While the dress code at a Stable Diffusion wedding suggests at least a Western bias in the training data, the outdoor setting is not as obvious in this regard. As it turns out, rather than simply reproducing some existing cultural pattern in the training data, Stable Diffusion also seems to be producing its own.
Stable Diffusion was trained on an English language subset of LAION-5B, an open data set of five billion image-text pairings published in March 2021 by the Large-Scale Artificial Intelligence Open Network, a German nonprofit which has been a leading provider of training data for the current breed of generative AI models. The data can be freely downloaded or searched directly online.
Interestingly, a browse through wedding-related queries reveals no apparent likeness to a marriage ceremony in Stable Diffusion. Much of it takes place indoors and although the white wedding gown is often prevalent, the dress code is much more varied in the training data than it is in the model output. In some instances, such as for the generic query “a marriage ceremony,” Hindu dress is dominant. One must be careful here since only images with English descriptions were used for training. By Stable Diffusion’s own admission this in itself “affects the overall output of the model, as white and Western cultures are often set as the default,” but even if you ignore images with non-English captions the pattern seems to be the same.
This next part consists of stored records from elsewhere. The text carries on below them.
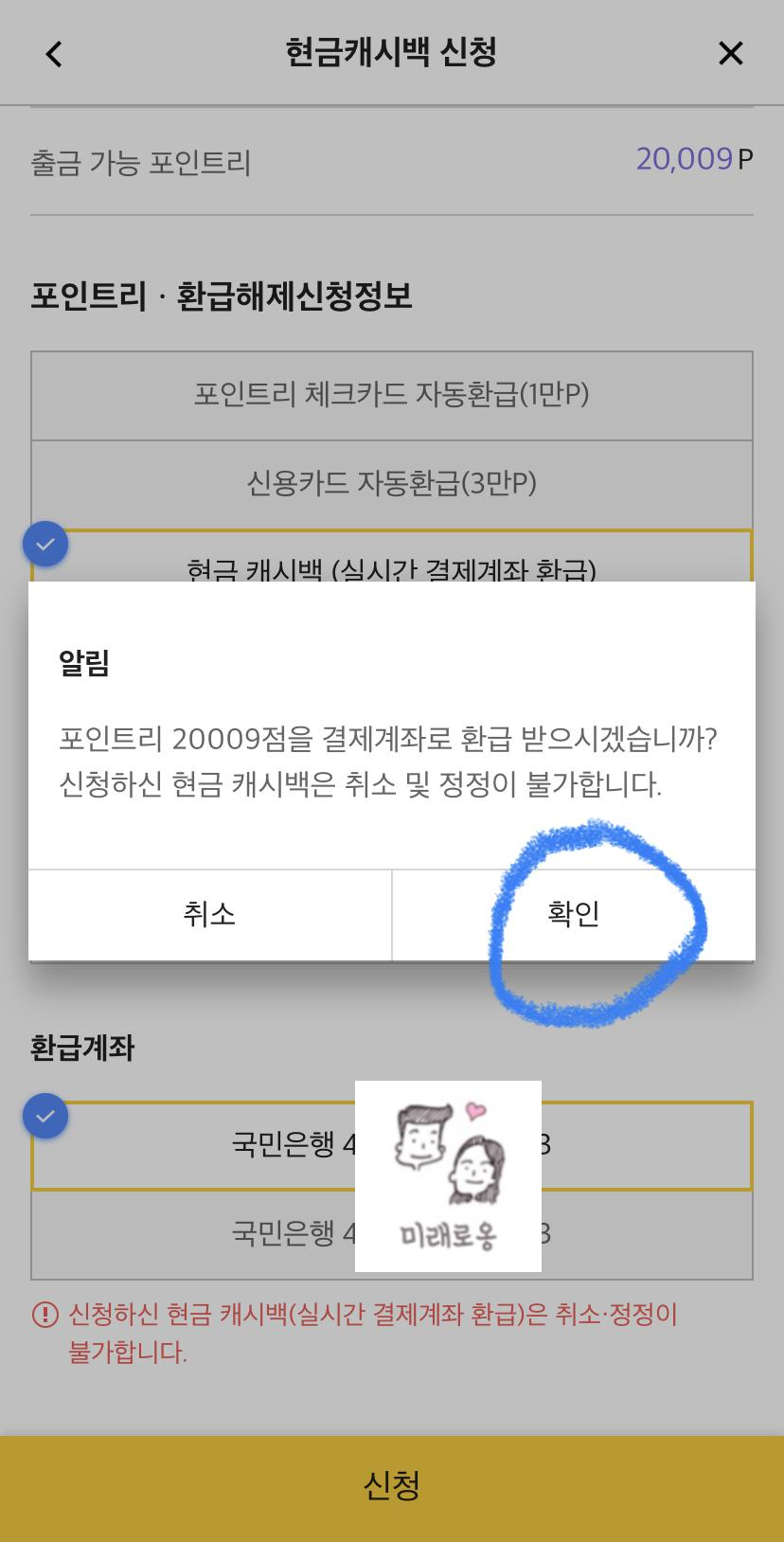4. [현금캐시백] 선택 및
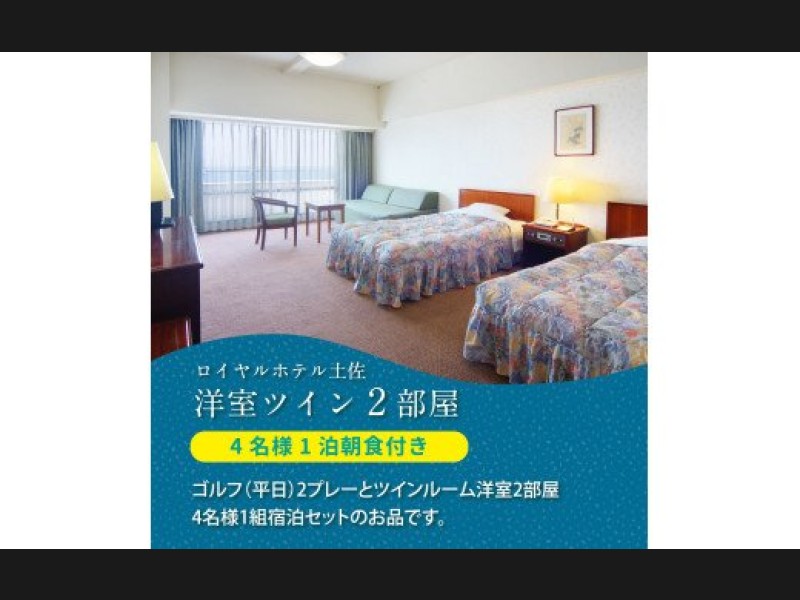 高知県でも有数の名門ゴルフ場 Kochi 黒潮カントリークラブ「平日1プレー」&土佐カントリークラブ「平日1プレー」と、Royal Hotel 土佐の1泊朝食付きの宿泊プラン4名様分がセットになった商品です。
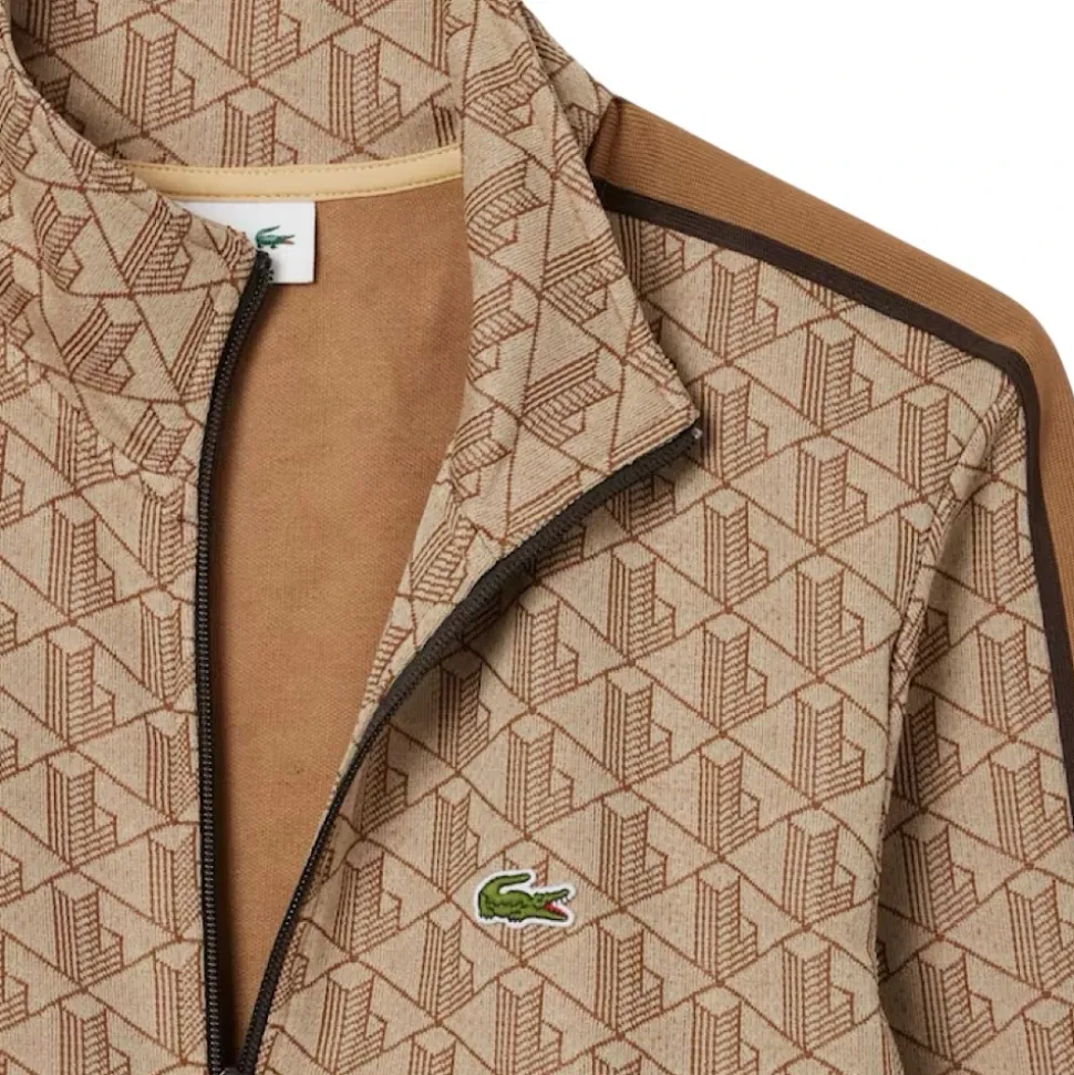 Lacoste Paris Zip-Up Jacquard Track Jacket kombinerer en monogram jacquardstrik med en lynlås silhuet for sporty hverdagsbrug. Den skiller sig ud med sin teksturerede strik og markante kontraststriber på ærmerne. Nøgleegenskaber: Beige | Bomuld og polyester | Slidstærk jacquardstrik | Fuld lynlås foran | To paspolerede sidelommer | Monogram jacquardmønster | Kontraststriber på ærmerne | Broderet krokodille på brystet | Stand-up krave | Ribstrikkede manchetter og søm | Mål og pasform: Almindelig pasform, let figursyet | Lille i størrelsen – overvej at gå en størrelse op | Sammensætning og pleje: Hovedstof: 58% polyester, 38% bomuld, 4% polyamid | Lomme foring: 100% bomuld | Ribkant: 98% bomuld, 2% elastan | Maskinvask skånsom 30°C. Må ikke bleges. Må ikke tørretumbles. Stryg ved max 110°C. Må ikke renses. Hængetørres.
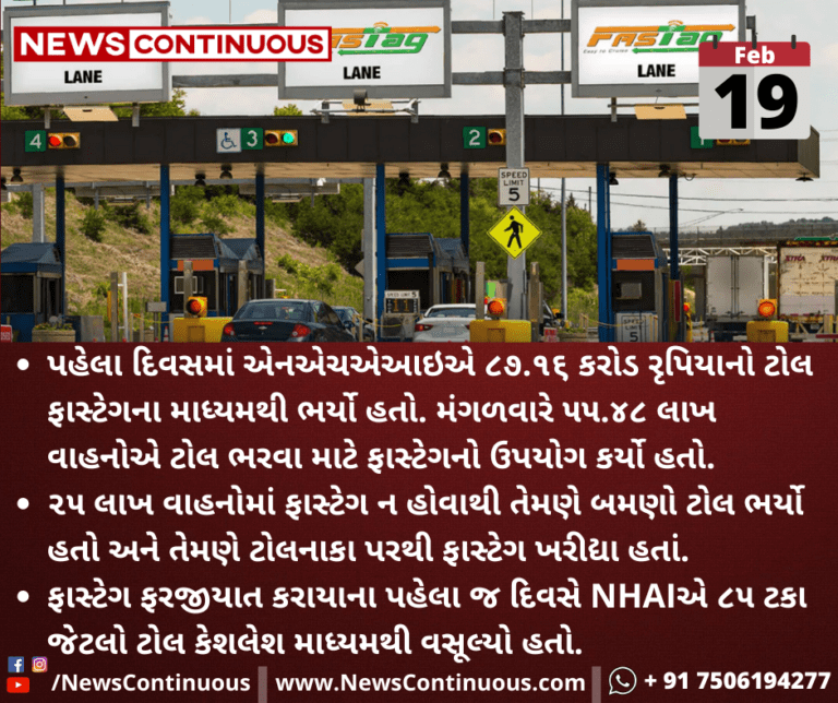 પહેલા દિવસમાં એનએચએઆઇએ ૮૭.૧૬ કરોડ રૃપિયાનો ટોલ ફાસ્ટેગના માધ્યમથી ભર્યો હતો. મંગળવારે ૫૫.૪૮ લાખ વાહનોએ ટોલ ભરવા માટે ફાસ્ટેગનો ઉપયોગ કર્યો હતો.
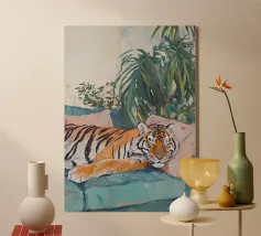 Un'opera d'arte serena e stravagante di un ghepardo che sonnecchia pacificamente su un divano vintage a righe bianche e verdi. I motivi vivaci e la postura accogliente del grosso felino creano un contrasto sognante e spiritoso tra la natura selvaggia e la rilassata vita domestica. Perfetto per gli amanti degli animali, i collezionisti d'arte eclettica e gli appassionati di estetica d'interni giocosa.
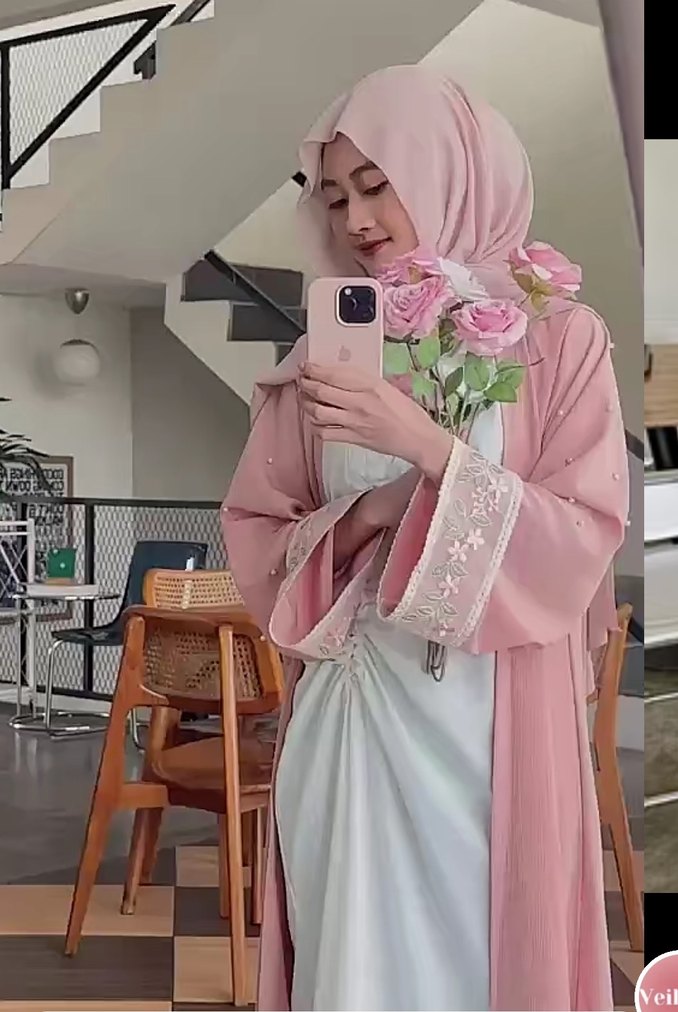 Nakış İşlemeli Pembe Bohem Uzun Kadın abaya

The composition of the images also differs considerably between training data and model. In a Stable Diffusion marriage, you typically see full-body shots of groups of up to 10 people; in LAION-5B you find anything from close-ups of a wedding invitation to birds-eye shots of a dance floor. In general, one cannot discern what a typical marriage ceremony is supposed to look like by simply browsing the training data, regardless of the acknowledged English language bias. Whatever marriage has become in Stable Diffusion, it has become so somewhere between LAION-5B, the deep neural network that helps Stable Diffusion turn natural language into visual features, and the diffuser model that Stable Diffusion uses to create new images corresponding to those features.
And beyond transparency
Thus, trying to understand marriage from the point of view of Stable Diffusion takes us into the territory of (un)explainable AI. It is no secret how the AI works. It is designed around a diffuser model that turns random visual noise into images with visual features resembling a text prompt inputted by the user. That, in turn, is made possible by a neural network called CLIP (Contrastive Language-Image Pre-training) which was first released by US-based OpenAI in January 2021.